Work to complete: Restate each line of the listing exactly, without carrying over any pictures.

Provided material:
/---
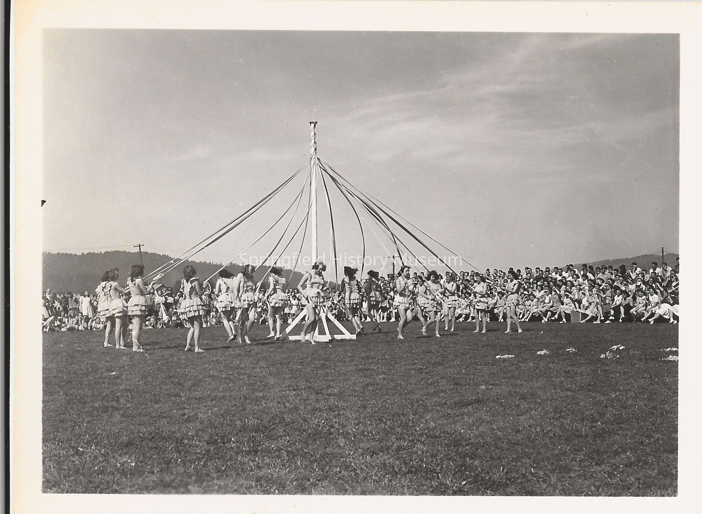 Photograph of Springfield High Mayday Festival circa 1945. Girls dance club festival outside in ball field. Large group around a maypole.Photograph Details
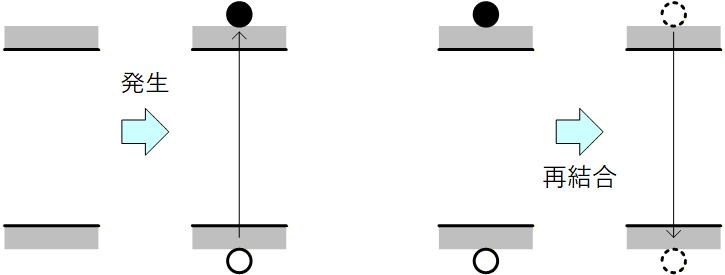 熱励起や光照射などがあると、電子と正孔が対として発生する現象があります。 また逆に電子と正孔ご再結合して消失する現象もあります。 このように発生と再結合か起こると、キャリア濃度自体が変化するために結果として電流に寄与することになります。
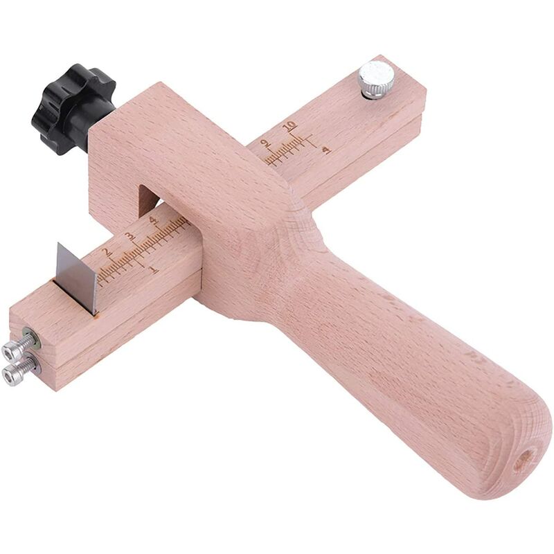 Realizzato in acciaio inossidabile di prima qualità e legno di faggio, premuroso e resistente. Durevole e premuroso, incluse 5 lame di ricambio. Le lame sono facili da sostituire per la pulizia, perfette per tutti i tipi di taglio della fettuccia. Il taglia reggia in legno ha una barra regolabile che ti aiuta a tagliare lo spessore per tutti i tipi di cinture in pelle. Lame di ricambio per la pulizia, perfette per tutti i tipi di tagli di reggia. La taglierina può regolare lo spessore di taglio da 1 a 5 mm. La barra trasversale è contrassegnata in pollici e centimetri, cinghie facili da tagliare fino a 10 cm di larghezza. Facile da usare. Questo strumento è facile da usare. Sarà molto utile quando fai il fai da te in pelle.
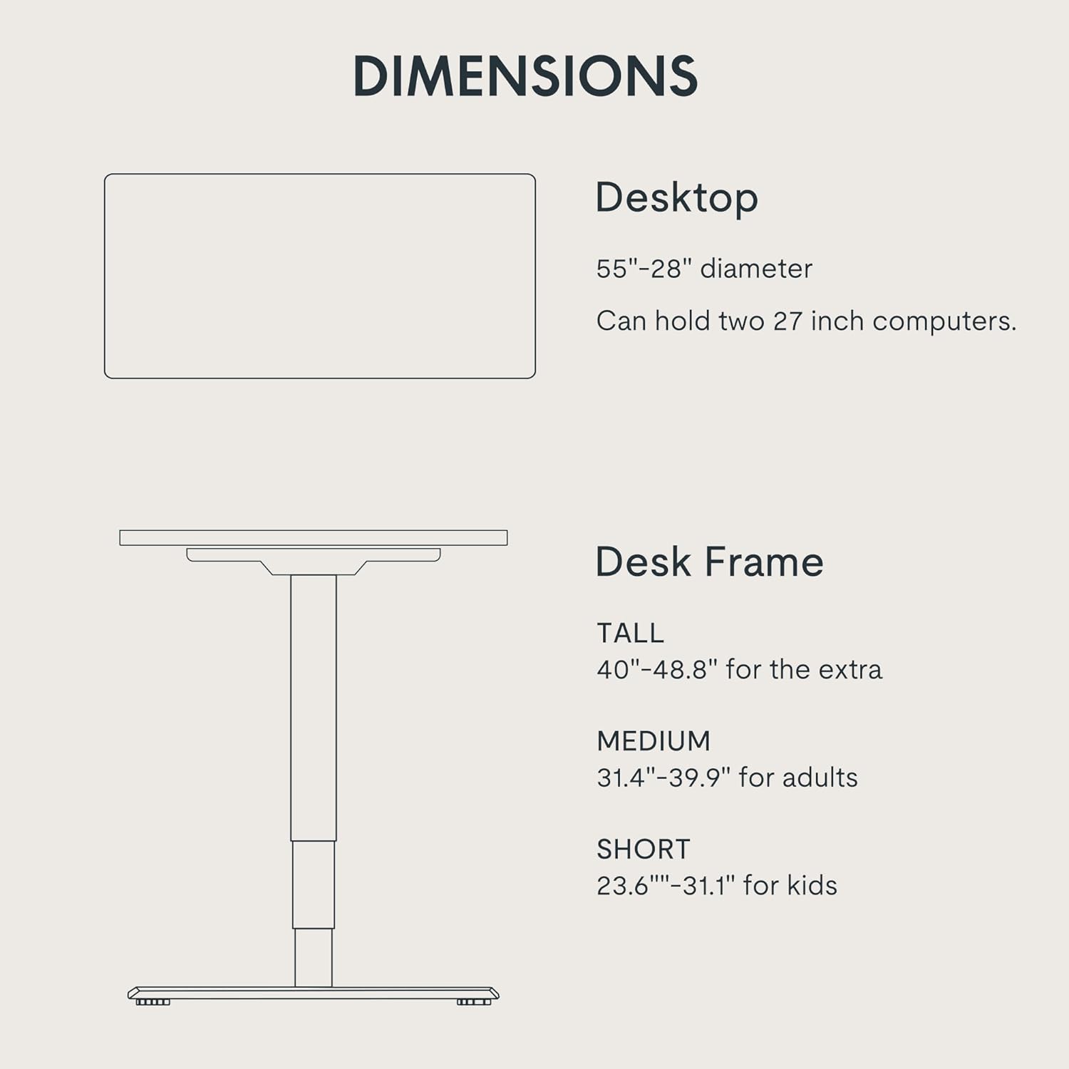 - 【3-STAGE LIFT SYSTEM】 Compared to the 2-stage lift system, the 3-stage standing desk offers a 30% wider range of lifting space, from 23.6” to 48.8”. Whether it's a 3’2” child or a 6’5” adult, you can adjust the desk height to suit everyone comfortably.
\---
Solution to this exercise:
 Photograph of Springfield High Mayday Festival circa 1945. Girls dance club festival outside in ball field. Large group around a maypole.Photograph Details
 熱励起や光照射などがあると、電子と正孔が対として発生する現象があります。 また逆に電子と正孔ご再結合して消失する現象もあります。 このように発生と再結合か起こると、キャリア濃度自体が変化するために結果として電流に寄与することになります。
 Realizzato in acciaio inossidabile di prima qualità e legno di faggio, premuroso e resistente. Durevole e premuroso, incluse 5 lame di ricambio. Le lame sono facili da sostituire per la pulizia, perfette per tutti i tipi di taglio della fettuccia. Il taglia reggia in legno ha una barra regolabile che ti aiuta a tagliare lo spessore per tutti i tipi di cinture in pelle. Lame di ricambio per la pulizia, perfette per tutti i tipi di tagli di reggia. La taglierina può regolare lo spessore di taglio da 1 a 5 mm. La barra trasversale è contrassegnata in pollici e centimetri, cinghie facili da tagliare fino a 10 cm di larghezza. Facile da usare. Questo strumento è facile da usare. Sarà molto utile quando fai il fai da te in pelle.
 - 【3-STAGE LIFT SYSTEM】 Compared to the 2-stage lift system, the 3-stage standing desk offers a 30% wider range of lifting space, from 23.6” to 48.8”. Whether it's a 3’2” child or a 6’5” adult, you can adjust the desk height to suit everyone comfortably.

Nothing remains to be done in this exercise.